---
title: "Introduction to irpfR"
output: rmarkdown::html_vignette
vignette: >
  %\VignetteIndexEntry{Introduction to irpfR}
  %\VignetteEngine{knitr::rmarkdown}
  %\VignetteEncoding{UTF-8}
---

```{r, include = FALSE}
knitr::opts_chunk$set(
  collapse = TRUE,
  comment = "#>"
)
```

The ```irpfR``` package provides a high-level interface to access and clean the Personal Income Tax (IRPF) Open Data from the Brazilian Federal Revenue (Receita Federal do Brasil).
This vignette demonstrates the typical workflow: discovering available datasets, understanding their attributes through built-in metadata, and downloading cleaned data for analysis.

## 1. Discovering Available Data

The Brazilian Federal Revenue publishes data in several "sections" (e.g., assets, debts, income brackets). You can list all sections currently supported by the package using ```get_sections()```:

```{r}
library(irpfR)

# List available datasets
sections <- get_sections()
head(sections)
```

## 2. Inspecting Metadata

Government CSV files often have cryptic column names or complex tax definitions.
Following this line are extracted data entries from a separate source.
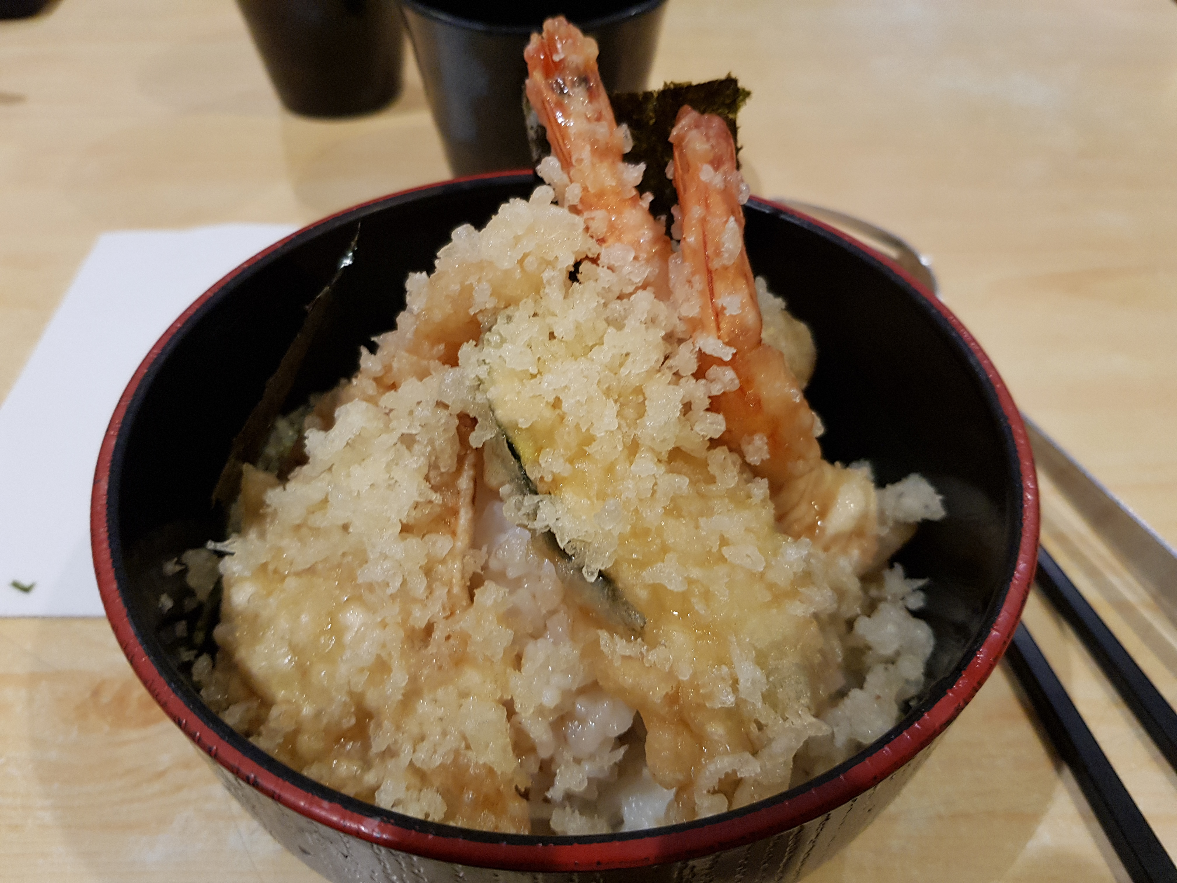 J'ai pris un donburi tendon sur le menu midi, avec une soupe miso et une salade. J'ai bien aimé la soupe miso et le donburi. Dans le donburi il ya deux tempura de crevettes, et puis des beignets de légumes: carotte, poivron, concombre, pomme de terre si je me souviens bien. Et pour 15 euros je crois. Je recommande. L'accueil est très bien aussi, comme la plupart des restaurants du quartier.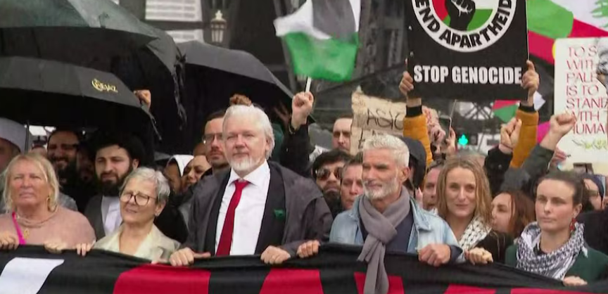 现场画面显示,游行的队伍中包括前不久刚刚获释的维基解密创始人朱利安·阿桑奇及前澳大利亚足球国家队队长克雷格·福斯特: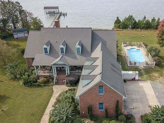Tucked away on a private drive you will find this gracious custom designed all brick home. Custom built by the current owner and situated so the home faces do West, you have some of the best views of the Great Wicomico River, and magnificent sunsets. The 6,241 square foot home has superb craftsmanship boost 6 bedrooms 3 full & 2 half baths, formal dining & living room, pair of stairs on both sides overlooking the 2-story great room, with a wall of windows overlooking the Great Wicomico River (585' pf waterfrontage) and open to the large kitchen and breakfast area (granite counter tops, custom cabinets, high end S/S appliances). The master bedroom is located on the first floor with wide water views, and gas log fireplace w/ remote. Not only does the home provide plenty of space for entertaining, but the 6.25 acres is also perfect for large gatherings. In the summer take advantage of the sand beach, 200' deep water (5+) pier with boathouse and electric lift to accommodate a 36+ boat, and in-ground pool with 7' on the deep end, full back deck with 180 degree views, and a 7 x 7 hot tub. This is a unique opportunity to own this beautiful property in the historical Northern Neck of Va.....Seller needs 24 Hour notice!

To understand the content of a section before downloading it, use get_metadata():

```{r}
# Get descriptions for the "Assets and Rights" (Bens e Direitos) section
metadata <- get_metadata("bens_e_direitos")
head(metadata)
```

## 3. Downloading and Cleaning Data

The core function of the package is get_irpf(). It performs several automated engineering tasks:

* **Download**: Connects to the RFB servers and handles the file transfer.
* **Encoding**: Corrects UTF-8/Latin1 issues common in Brazilian government files.
* **Tidying**: Converts "wide" tables into a "long" (tidy) format, making them ready for ggplot2 or dplyr.
* **Smart Scaling**: Financial values are converted from millions to absolute BRL, while counts (like number of taxpayers) remain as raw integers.

```{r}
# Download data for "Assets and Rights"
df_bens <- get_irpf("bens_e_direitos")

# The resulting data is tidy
# Columns: ano_calendario, atributo, valor
head(df_bens)
```

## Why use irpfR?
Directly reading raw files from the government portal can be challenging due to inconsistent decimal marks (using commas), non-standard NA characters (like ```-``` or ```*```), and varying numerical scales.```irpfR``` encapsulates all these rules, allowing researchers to focus on the economic analysis rather than data cleaning.